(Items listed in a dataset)

##############################

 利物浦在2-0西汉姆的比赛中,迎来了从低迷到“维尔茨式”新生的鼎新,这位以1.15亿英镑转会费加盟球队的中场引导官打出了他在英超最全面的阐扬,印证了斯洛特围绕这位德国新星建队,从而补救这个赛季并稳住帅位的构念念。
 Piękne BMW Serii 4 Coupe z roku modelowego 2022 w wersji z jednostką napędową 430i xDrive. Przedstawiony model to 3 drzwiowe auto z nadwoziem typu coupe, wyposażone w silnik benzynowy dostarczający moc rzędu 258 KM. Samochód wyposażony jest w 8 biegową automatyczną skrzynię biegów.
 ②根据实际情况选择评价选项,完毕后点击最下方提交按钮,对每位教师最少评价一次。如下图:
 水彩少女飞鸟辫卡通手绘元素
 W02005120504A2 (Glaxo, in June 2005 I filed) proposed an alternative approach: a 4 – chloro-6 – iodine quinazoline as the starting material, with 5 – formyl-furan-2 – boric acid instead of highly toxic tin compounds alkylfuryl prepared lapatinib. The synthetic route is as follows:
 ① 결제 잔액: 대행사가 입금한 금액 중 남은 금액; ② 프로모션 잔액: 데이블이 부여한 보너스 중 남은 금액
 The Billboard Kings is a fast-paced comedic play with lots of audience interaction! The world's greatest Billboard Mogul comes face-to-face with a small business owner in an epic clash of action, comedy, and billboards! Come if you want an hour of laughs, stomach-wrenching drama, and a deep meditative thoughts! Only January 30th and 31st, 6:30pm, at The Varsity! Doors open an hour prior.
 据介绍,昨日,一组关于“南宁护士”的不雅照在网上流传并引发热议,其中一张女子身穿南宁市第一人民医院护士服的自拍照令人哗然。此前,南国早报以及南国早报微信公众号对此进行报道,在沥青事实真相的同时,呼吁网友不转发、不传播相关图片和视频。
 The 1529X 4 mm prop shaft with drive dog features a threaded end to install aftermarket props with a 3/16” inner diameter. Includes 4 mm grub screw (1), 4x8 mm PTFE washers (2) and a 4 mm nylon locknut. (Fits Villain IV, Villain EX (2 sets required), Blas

##############################

_EXERCISE DETAILS_
Going back over the entries above, copy word for word every line from the one that has "②根据实际情况选择评价选项,完毕后点击最" on through the one that has "The Billboard Kings".

_OUTPUT_
 ②根据实际情况选择评价选项,完毕后点击最下方提交按钮,对每位教师最少评价一次。如下图:
 水彩少女飞鸟辫卡通手绘元素
 W02005120504A2 (Glaxo, in June 2005 I filed) proposed an alternative approach: a 4 – chloro-6 – iodine quinazoline as the starting material, with 5 – formyl-furan-2 – boric acid instead of highly toxic tin compounds alkylfuryl prepared lapatinib. The synthetic route is as follows:
 ① 결제 잔액: 대행사가 입금한 금액 중 남은 금액; ② 프로모션 잔액: 데이블이 부여한 보너스 중 남은 금액
 The Billboard Kings is a fast-paced comedic play with lots of audience interaction! The world's greatest Billboard Mogul comes face-to-face with a small business owner in an epic clash of action, comedy, and billboards! Come if you want an hour of laughs, stomach-wrenching drama, and a deep meditative thoughts! Only January 30th and 31st, 6:30pm, at The Varsity! Doors open an hour prior.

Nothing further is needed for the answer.